__TASK BRIEF__:
Here the job is to retype the data word for word while leaving the pictures aside.

__Saved entries__:
[Start of section]

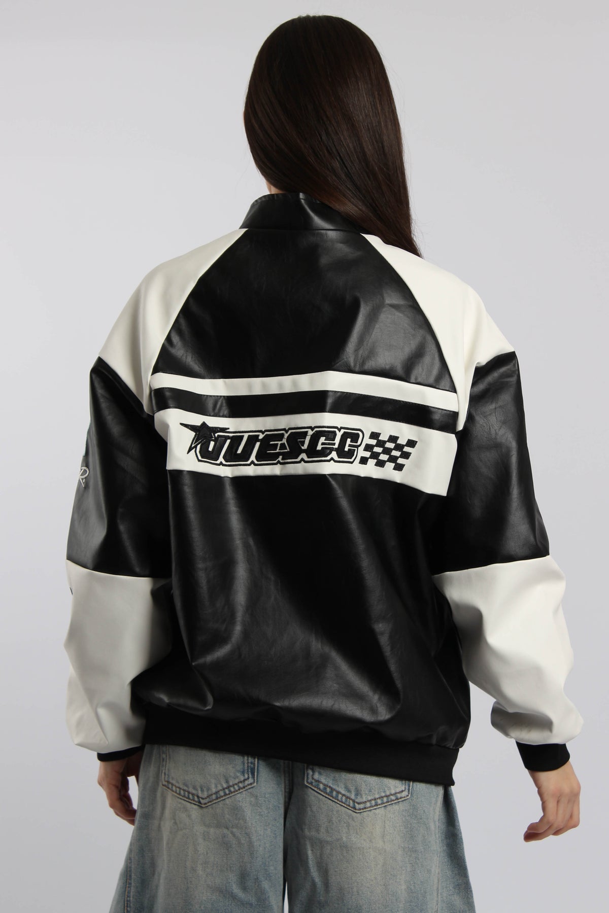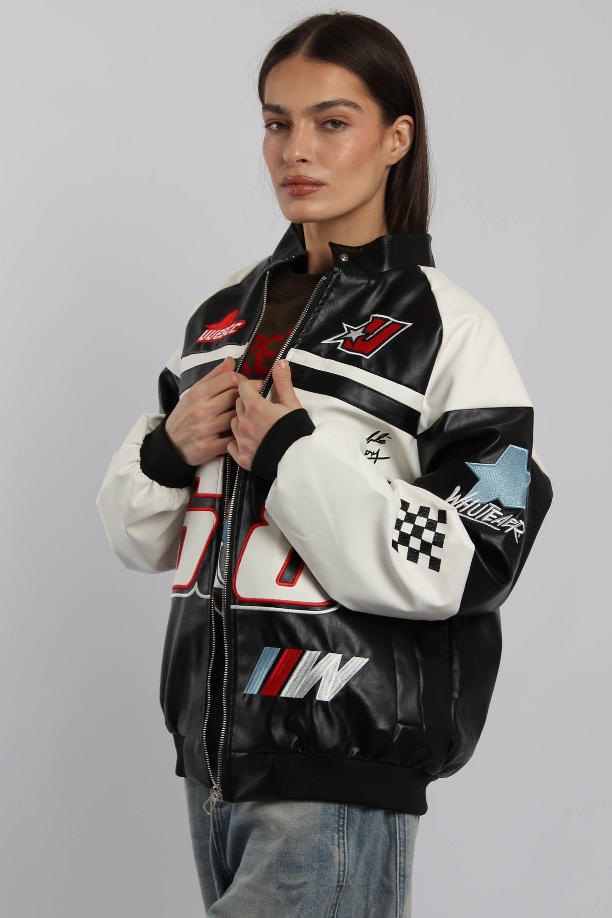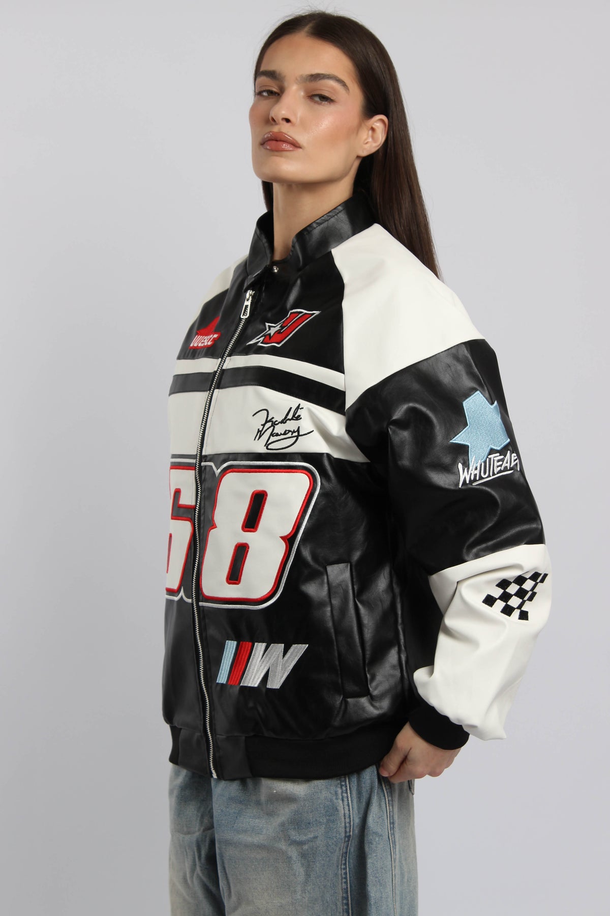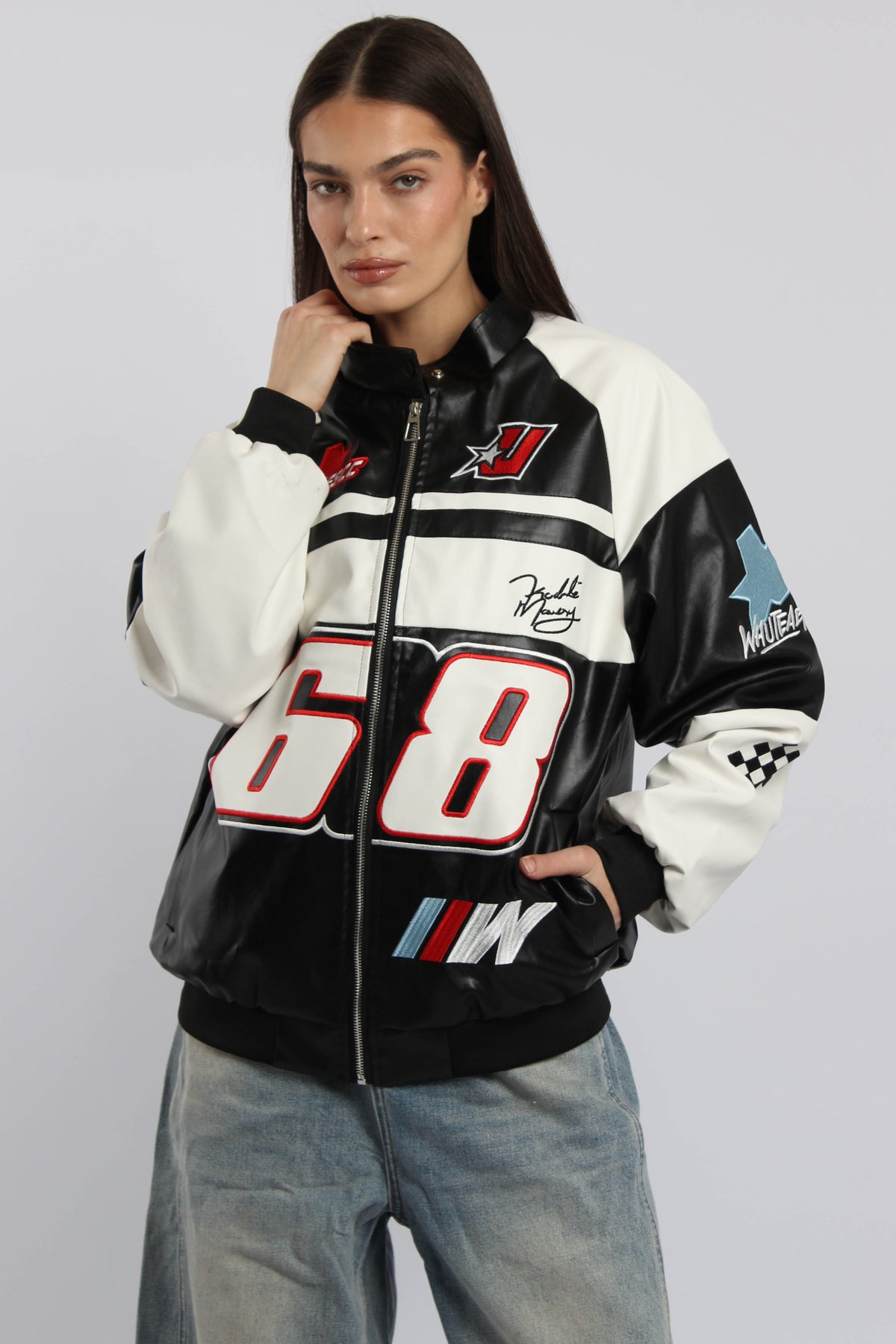 ג׳קט שש שמונה בסגנון מירוצים עם סגירת רוכסן ופאצ׳ים גרפיים, משלב מראה ספורטיבי בולט עם נוכחות אורבנית חזקה.
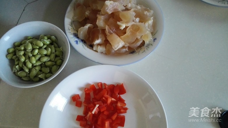 鍋里燒開水,放入毛豆子焯水3分鐘左右撈出
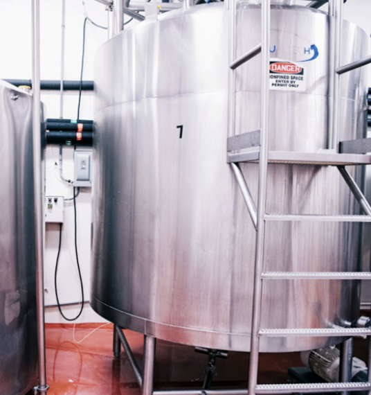 After the cream is pasteurized, our expert butter makers add live bacterial cultures, which is what differentiates cultured butter from traditional sweet cream butter. The cream rests in a vat while thickening, where it develops complex flavor notes of buttermilk and hazelnuts. We ferment the cream slowly overnight to produce the best flavors and aromas. Culturing produces the flavor compound “Diacétyl”, or what we think of as “butter flavor”; this is why traditionally cultured butter tastes extra buttery! Making cultured butter is much like making fine wine, you want to ferment your cream like your grapes, slowly, to produce the best aromas and flavors.
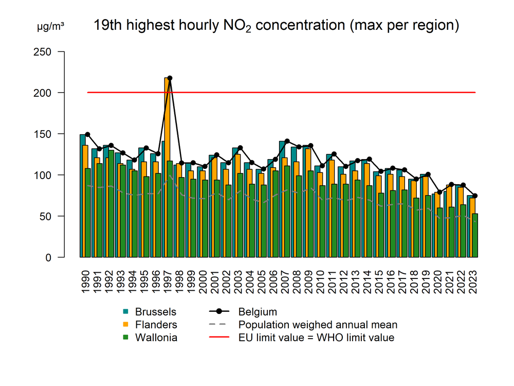 Pour protéger la population contre une exposition à des pics de concentration de NO2, la législation européenne impose une valeur limite horaire de concentration de 200 μg/m³. Cette limite horaire ne peut être dépassée plus de 18 fois (et donc 18 heures) par an. La 19ème valeur horaire la plus élevée en Belgique correspond au 99,8ème centile de toutes les concentrations moyennes horaires d’une année. En Belgique, cette valeur limite horaire est largement respectée. Très localement, sur des artères très fréquentées, il peut arriver que les 200 μg/m³ soient dépassés à quelques reprises par an, mais chaque station de mesure reste néanmoins sous la limite des 18 heures.
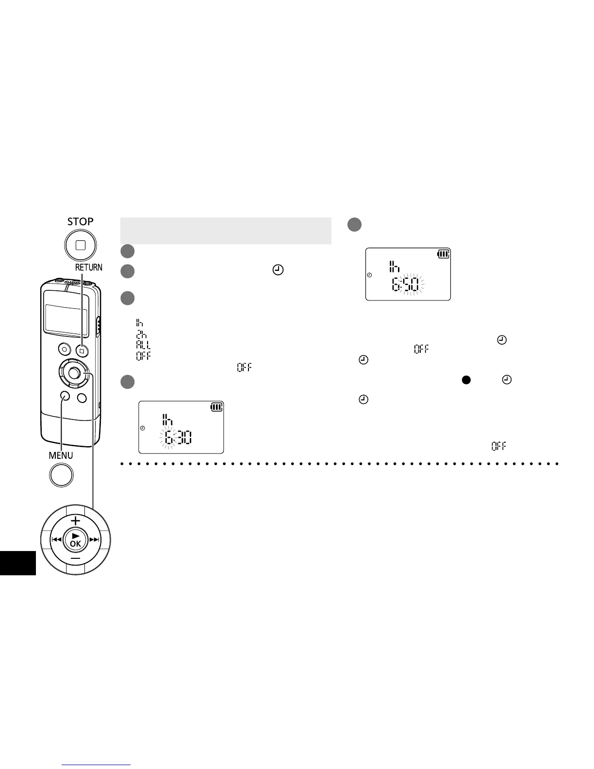 ● If the battery is replaced after setting the recording time, set the time again as it will be cancelled
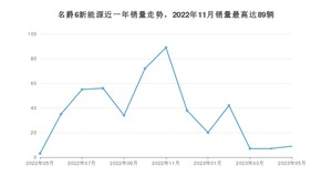 2023年5月,名爵6新能源销量为9辆,同比增长200%,环比增长28.57%。2022年05月-2023年05月份,名爵6新能源销量为467辆,同比下降45.76%。
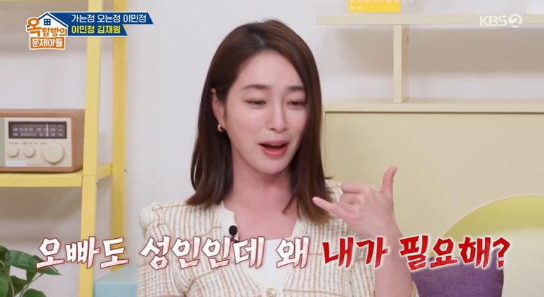 이에 이민정은 '오빠도 성인인데 왜 내가 필요해'라고 답했다고. 이민정이 "그게 들어가서 또 인증 코드 누르고 (해야 해서)"라고 하자 양세찬은 "이거 누르고, 전화해야 하고"라며 공감했다. 사진=KBS 2TV 방송화면
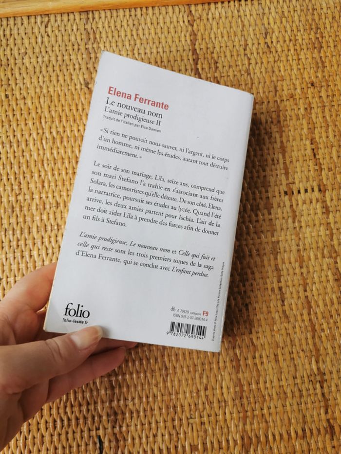 Elena Ferrante, l'Amie Prodigieuse II. Le nouveau nom, livre de poche, collection Folio, 2018, 622 p., 340 g. Livre comporte des jaunissement sur la tranche et les marques sur la couverture, bon état général. #lamieprodigieuse #amiprodigieuse #elenaferrante #lenouveaunom #folio #livredepoche
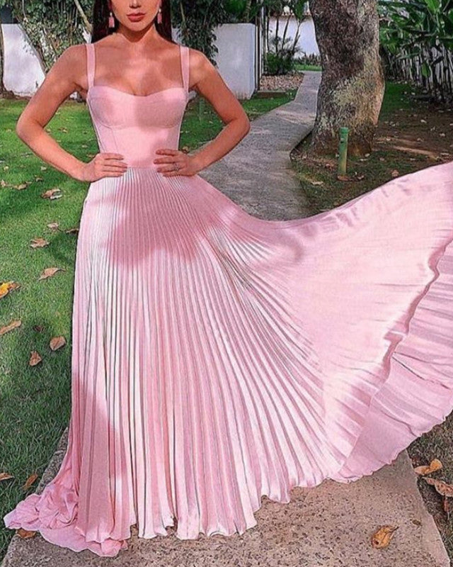 Spaghetti Straps Sweetheart Corset Pleated Skirt Bridesmaid Dresses

[End of section]

__RESPONSE FOR THIS EXERCISE__:
 ג׳קט שש שמונה בסגנון מירוצים עם סגירת רוכסן ופאצ׳ים גרפיים, משלב מראה ספורטיבי בולט עם נוכחות אורבנית חזקה.
 鍋里燒開水,放入毛豆子焯水3分鐘左右撈出
 After the cream is pasteurized, our expert butter makers add live bacterial cultures, which is what differentiates cultured butter from traditional sweet cream butter. The cream rests in a vat while thickening, where it develops complex flavor notes of buttermilk and hazelnuts. We ferment the cream slowly overnight to produce the best flavors and aromas. Culturing produces the flavor compound “Diacétyl”, or what we think of as “butter flavor”; this is why traditionally cultured butter tastes extra buttery! Making cultured butter is much like making fine wine, you want to ferment your cream like your grapes, slowly, to produce the best aromas and flavors.
 Pour protéger la population contre une exposition à des pics de concentration de NO2, la législation européenne impose une valeur limite horaire de concentration de 200 μg/m³. Cette limite horaire ne peut être dépassée plus de 18 fois (et donc 18 heures) par an. La 19ème valeur horaire la plus élevée en Belgique correspond au 99,8ème centile de toutes les concentrations moyennes horaires d’une année. En Belgique, cette valeur limite horaire est largement respectée. Très localement, sur des artères très fréquentées, il peut arriver que les 200 μg/m³ soient dépassés à quelques reprises par an, mais chaque station de mesure reste néanmoins sous la limite des 18 heures.
 ● If the battery is replaced after setting the recording time, set the time again as it will be cancelled
 2023年5月,名爵6新能源销量为9辆,同比增长200%,环比增长28.57%。2022年05月-2023年05月份,名爵6新能源销量为467辆,同比下降45.76%。
 이에 이민정은 '오빠도 성인인데 왜 내가 필요해'라고 답했다고. 이민정이 "그게 들어가서 또 인증 코드 누르고 (해야 해서)"라고 하자 양세찬은 "이거 누르고, 전화해야 하고"라며 공감했다. 사진=KBS 2TV 방송화면
 Elena Ferrante, l'Amie Prodigieuse II. Le nouveau nom, livre de poche, collection Folio, 2018, 622 p., 340 g. Livre comporte des jaunissement sur la tranche et les marques sur la couverture, bon état général. #lamieprodigieuse #amiprodigieuse #elenaferrante #lenouveaunom #folio #livredepoche
 Spaghetti Straps Sweetheart Corset Pleated Skirt Bridesmaid Dresses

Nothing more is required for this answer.